UlrikeHahn. “Stochastic parrot” is a misleading metaphor for LLMs. April 1, 2023.
https://write.as/ulrikehahn/stochastic- ... r-for-llms writes:
> Metaphors are hugely important both to how we think about things and how we structure debate, as a long research tradition within cognitive science attests [1]. Metaphors, as tools, can make us think better about an issue, but they can also lead us astray, depending on what relevant characteristics metaphors make clear and what they obscure. The notion that large language models (LLMs) are, in effect, “stochastic parrots” currently plays a central role in debate on LLMs. What follows are my thoughts on ways in which the metaphor is (now) creating confusion and hindering progress.
> ... what is the stochastic parrot metaphor? According to Bender and colleagues (2001),
>
> > Text generated by an LM is not grounded in communicative intent, any model of the world, or any model of the reader’s state of mind.
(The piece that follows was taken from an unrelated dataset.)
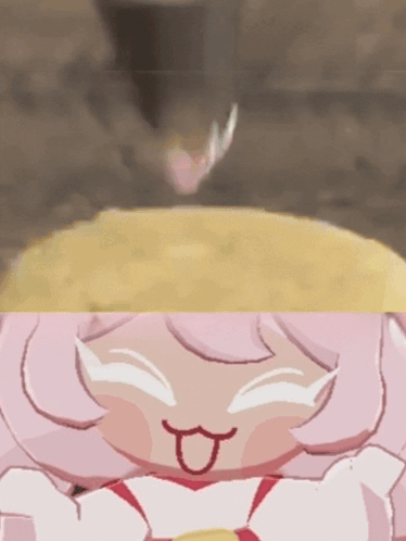 Maelezo ya Maudhui: a cartoon character with pink hair is smiling with a heart on her head
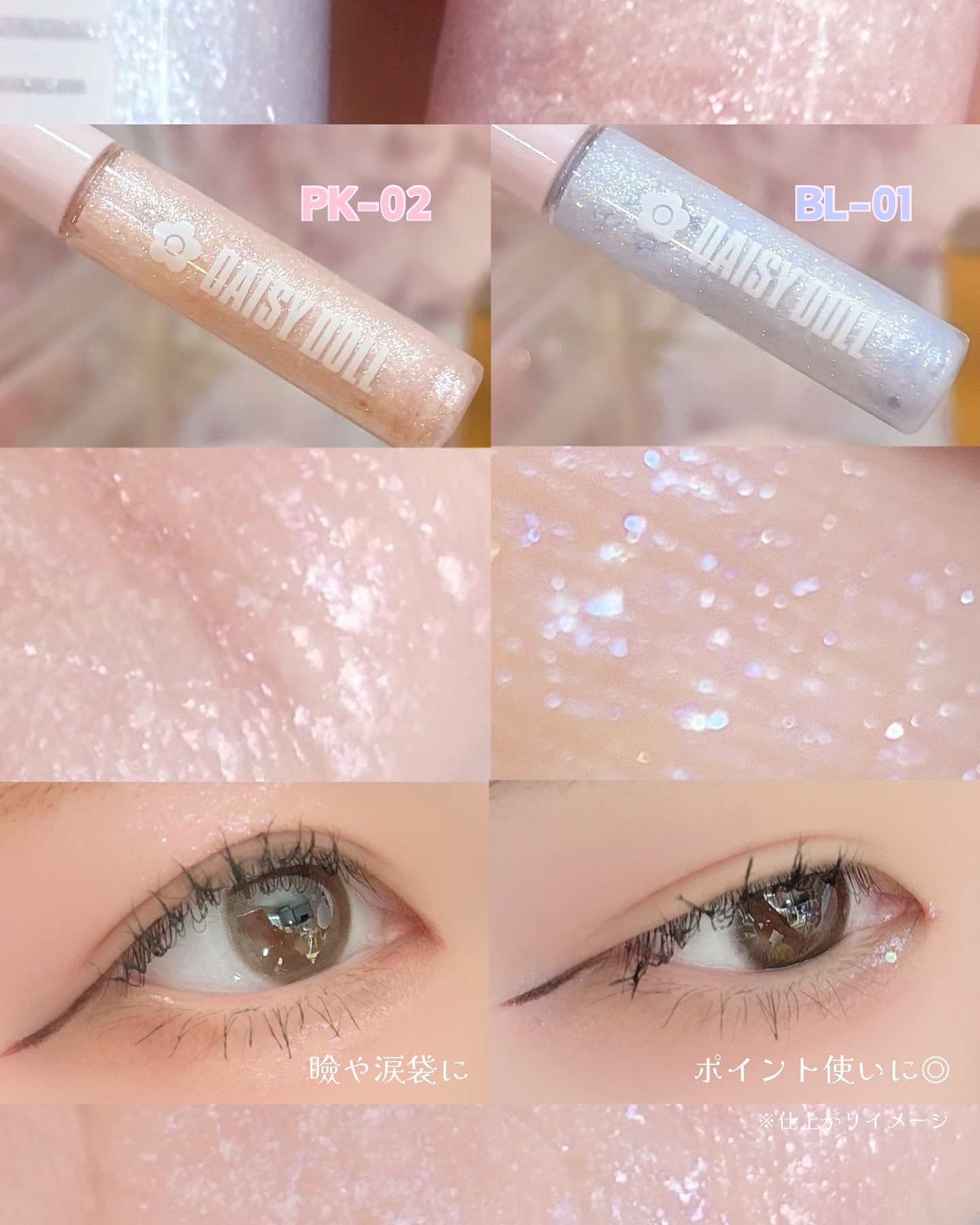 デイジードールのグリッターアイカラーに新色2色が数量限定で登場❄ 🩷 PK-02 🩵BL-01 ラメ落ちしにくい密着ジェル処方だからピタッと密着して綺麗なキラキラが続くのも◎

It can’t have been, because the training data never included sharing thoughts with a listener, nor does the machine have the ability to do that.
>
> In short, LLMs lack, either partly or wholly, “situationally embedded meaning”. In line with this, I take the phrase “stochastic parrot” to make salient three main things. Like the ‘speech’ of a parrot, the output of LLMs 1) involves repetition without understanding 2) albeit with some probabilistic, generative component, and, in that, it is very much 3) unlike what humans do or produce.
> ... the metaphor seems both useful and undoubtedly effective.
>
> Beyond that, however, I now see it giving rise to the following problems in the wider debate:
> 1. confusion between what’s ‘in the head’ and ‘in the world’
> 2. a false sense of confidence regarding how LLMs and human cognition ‘work’
> 3. an illusion of explanatory depth
> 4. a misdirection of evaluative effort
> 5. a misdirection of discussion about risks and harms
Ad 1:
> ... when Polly the pet parrot says “Polly has a biscuit” that (in some sense) ‘means’ something, and it can be true or false, regardless of whether Polly *herself* has any idea whatsoever what those sounds she produces ‘mean’, let alone a concept of ‘language’, ‘meaning’, or ‘truth’.
>
> This follows simply from the fact that this aspect of meaning doesn’t rest on any single head, artificial or otherwise, but rather on the practice of a community. And whether “Polly has a biscuit” is true depends not on Polly’s grasp of human language, but on whether she actually has a biscuit.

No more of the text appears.